Tsunami 'miracle' woman pregnant

Malawati speaking to the media in Penang, 03 January 2005. An Indonesian woman who was discovered last week after surviving for five days in the Indian Ocean is pregnant, doctors have announced.

Malawati, in her early 20s, knew she was expecting a child but had not told her rescuers because she assumed she would have lost it in her ordeal.

"I'm very glad, very happy," she said on hearing the news, from her hospital bed in Penang, northern Malaysia.

However, her husband - who was swept out to sea with her - is still missing.

Doctors were stunned to discover, on giving Malawati medical checks following her rescue, that she was 18 weeks pregnant.

The foetus was alive and healthy, said Helena Tuanakotta, the Indonesian vice consul in Penang.

"I saw sharks around me but prayed they wouldn't hurt me"
Malawati

Malawati has also been giving more details of her five days at sea.

"I almost drowned twice as I could not swim and was thrashing in the water trying to keep my head up when I chanced upon the tree trunk," she told The Star Online.

She survived by eating the fruit and bark of the sago palm she clung to.

"I slipped twice but managed to hold on," she was quoted as saying by Reuters news agency. "I saw sharks around me but prayed they wouldn't hurt me."

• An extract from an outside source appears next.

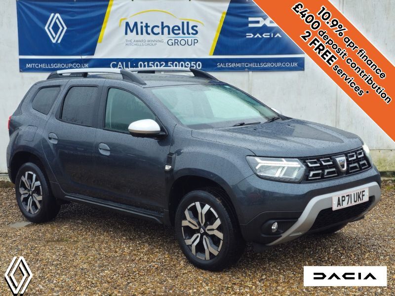 LowestoftInsurance Group 12, 0 Previous Owners, ..4x4 monitor with altimeter, Blind spot warning, Compass functional at 0km/h, Cruise control and speed limiter, Dacia instrument cluster, eCall emergency system, Eco mode, Electric power assisted steering, Multi view camera, On board computer, odometer, trip computer, average fuel consumption, average speed, service indicator, outside temperature gauge, Rear parking sensors and reverse camera, Rev counter, Stop/start system, 8'' Media Navigation with wireless smartphone replication, Dacia plug and radio/MP3/USB/bluetooth/DAB/steering wheel control, 3 speed windscreen wipers, Acoustic windshield, Black side sills, Black/satin chrome tailgate trim with Duster inscription in black background and lettering, Body coloured door handles, Chrome front grille with hot stamping, Chrome logo surround on steering wheel, Dark glass on lateral rear windows, Dusk sensor, Electric adjustable/heated door mirrors, Electric front windows, Electric rear windows, Front and rear body coloured bumpers, Front door sill protection strip, Front fog lights, Grey quartz longitudinal roof bars with Duster inscription, Grey quartz painted door mirrors, Heated rear window, High level third rear brake light, LED automatically switched on In main headlights, LED daytime running lights, Rain sensor, Rear side wing doors, Rear spoiler, Rear wash/wipe, Underbody protection skid plates, Y shaped LED headlights with rear LED lights, 3 rear height adjustable headrests, 3 seat bench in 2nd row, 60/40 split folding rear seat, Automatic air conditioning, Backlighted steering wheel buttons, Boot light, Driver seat lumbar adjustment, Fabric decorative insert on door panels, Fabric upholstery, Front head restraints, Front passenger reading light, Gear shift indicator, Glovebox light, Heated seats, Height adjustable driver seat, Height adjustable front and rear headrests, Height and depth adjustable steering wheel, High centre console with driver armrest, Isofix points for child seats in both outer rear seats, Map pocket on front seat backs, Passenger sunvisor with vanity mirror, Rear passenger reading light, Satin chrome gear lever cap insert, Satin chrome interior door handles, Satin chrome lower steering wheel insert, Single front passenger seat, Soft feel leather steering wheel, 3x3 point rear seatbelts, ABS and Emergency brake assist, ASR traction control with Electronic stability control, Child locks on rear doors, Door open visual and audible warning, Driver airbag, Driver and passenger

Malawati said she was looking forward to going home to Indonesia's Aceh province, but Ms Tuanakotta said the coconut farmer would probably stay in Malaysia until some of her relatives in Aceh are found.

On Wednesday, another Indonesian survivor of the tsunami arrived in Malaysia. Rizal Shahputra, 23, spent nine days at sea clinging to floating driftwood before being picked up by a passing container ship.